Went back to the doctor for a follow up platelet test. Went down from 144 to 141 so not a huge dip and was told that I didn’t need to do any further tests. Still continuing with my papaya extract pills. At least the itching has started to stop and I can finally get a nap in after last night.
Starting to feel like my old self again and coincidentally it happens to be Thanksgiving. Energy levels aren’t back to 100% and don’t expect it to be there for the next 1-2 weeks. Fell asleep while attempting to do some work earlier in the day.
Overall, I would rate the experience with Dengue as probably one of the worst I’ve felt ever. Its the combination of the fever, nausea and exhaustion that basically stops you from having the energy to do basically anything. Add in that horrible rash on the tail end of recovery and what more can you ask for, you basically have the least enjoyable way to fall sick.
Unfortunately, most people aren’t eligible for the dengue vaccine until they have gotten infected at least once. According to Professor Paul Tambyah, the President-elect of the International Society of Infectious Diseases, this is because the vaccine works by priming the immune system and acts as a first infection.

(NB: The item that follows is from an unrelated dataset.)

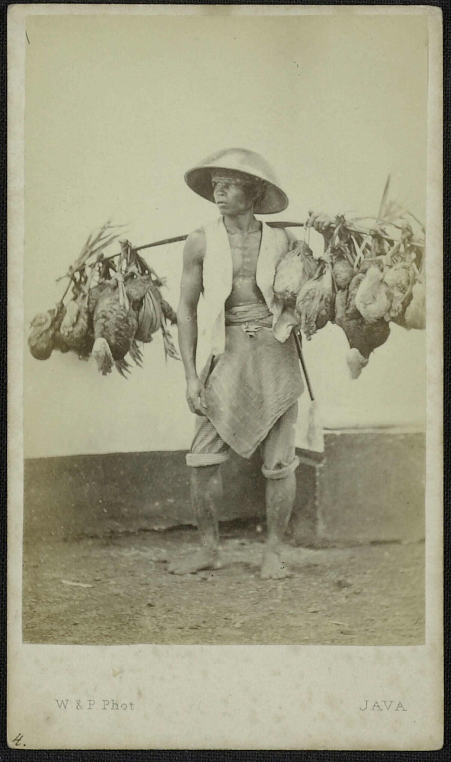 Javaanse kippenkoopman zijn handelswaar over de schouder met zich meedragend

However, as the vaccine is not powerful enough against all four strains of dengue, it could therefore lead to an immune overreaction during a subsequent dengue infection.
On the bright side, there are new therapeutics on the way that could potentially kill dengue within 6 hours rather than having to suffer like me for 1-2 weeks. An injection filled with antibodies against the dengue virus itself could help to prevent the onset of serious disease and save a lot of lives (and suffering) in the process. Furthermore, the antibodies could prevent the mosquitoes from transmitting the dengue virus as well.
Would really not recommend anyone to catch dengue, it’s really quite an unpleasant experience on top of being dangerous. As cliche as it sounds, taking simple steps to stop mosquito breeding, such as by pouring away stagnant water and using oil tablets, is likely the best way to prevent getting dengue in the first place.